MP Haseloff: Es war ein wichtiger und notwendiger Termin. Es war auch richtig, dass das Schema, das wir heute besprochen haben, auf die existenten Förderrichtlinien aufsetzt. Denn sie sind genehmigt und können sofort aktiviert werden. Durch den haushaltsmäßigen Nachschuss durch den Bund ist es auch möglich, dass die einzelnen Maßnahmen ab morgen gestartet werden. Das ist ein Erfolg. Ich denke, es ist auch wichtig gewesen, heute alle drei Ebenen zusammenzuführen, weil es eine Gesamtverantwortung für die Situation gibt. Nur gemeinsam können wir sie bewältigen. Wir wissen, dass wir nicht sofort Effekte erzielen können. Aber wir beginnen und weisen ein Reaktionsschema vor, das in den nächsten Jahren sowohl inhaltlich als auch finanziell fortgeschrieben werden kann. Ich denke, es wird Aufgabe einer neuen Bundesregierung sein, die Verstetigung dieser Fördermöglichkeiten sicherzustellen.
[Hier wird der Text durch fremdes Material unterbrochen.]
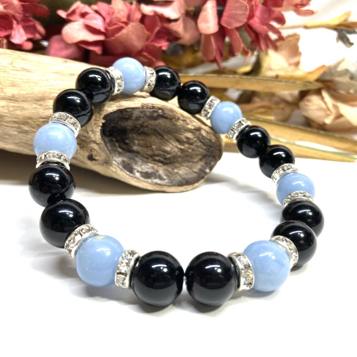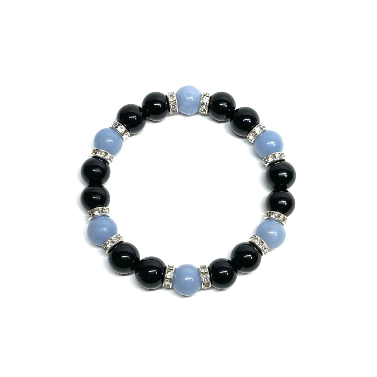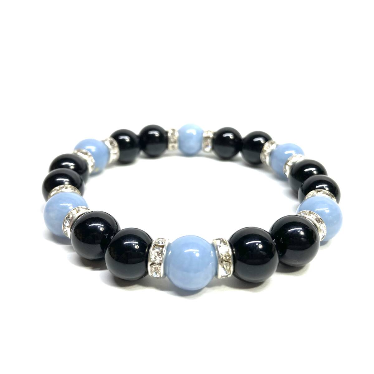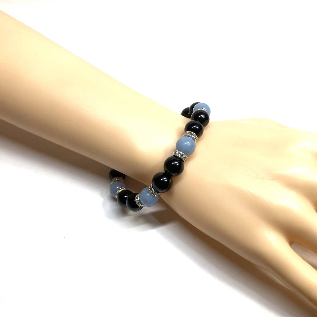 こちらは、モリオンとエンジェライトを組み合わせたパワーストーンブレスレットです。間にはロンデルを挟み高級感あるデザインに仕上げております。石大きさは腕にも馴染みやすいように10mm玉で内径約18cm(伸可能)です。(サイズ変更の場合は取引ナビにてご連絡をお願いします。) 数に限りがございますので気になる方はお早めにどうぞ。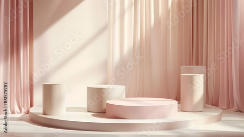 abstract, modern, minimal, product, presentation, geometric, cylinder, pedestal, pink, cream, beige, display, stage, simple, clean, elegant, contemporary, conceptual, fashion, decor, design, studio, still life, interior

Die Masterpläne sind Grundlage für die Aktivierung der konkreten, ortsbezogenen Aktivitäten. Das muss die jeweilige Landesregierung auf jeden Fall begleiten. Sie muss auch darauf schauen, dass die Kommunen in der Lage sind, die Finanzierung zu stemmen. Wir wissen, dass die Richtlinien eine Vollfinanzierung nicht zulassen. Das heißt also, dass ein Kofinanzierungsbedarf besteht. Ich habe das Gefühl gehabt – zumindest kann ich das für Sachsen-Anhalt sagen -, dass wir die Kofinanzierung da, wo jetzt gehandelt werden muss, sicherstellen werden und dafür sorgen, dass wir schnell Erfolge haben. Abschließend kann ich nur sagen: Es ist gut, dass wir vereinbart haben, eine dritte Runde zu machen. Denn dann geht es auch in die technischen Dinge hinein. Wir müssen die Wirtschaft mit in die Verantwortung nehmen. Die Automobilbranche muss jetzt zeigen, dass sie das Signal des Sommers und der Monate danach nicht nur ernst nimmt, sondern auch technisch vollzieht. Nur so haben wir eine Chance, im gesamten Maßnahmenbündel erfolgreich zu sein und individuelle Mobilität auch weiterhin sicherstellen zu helfen.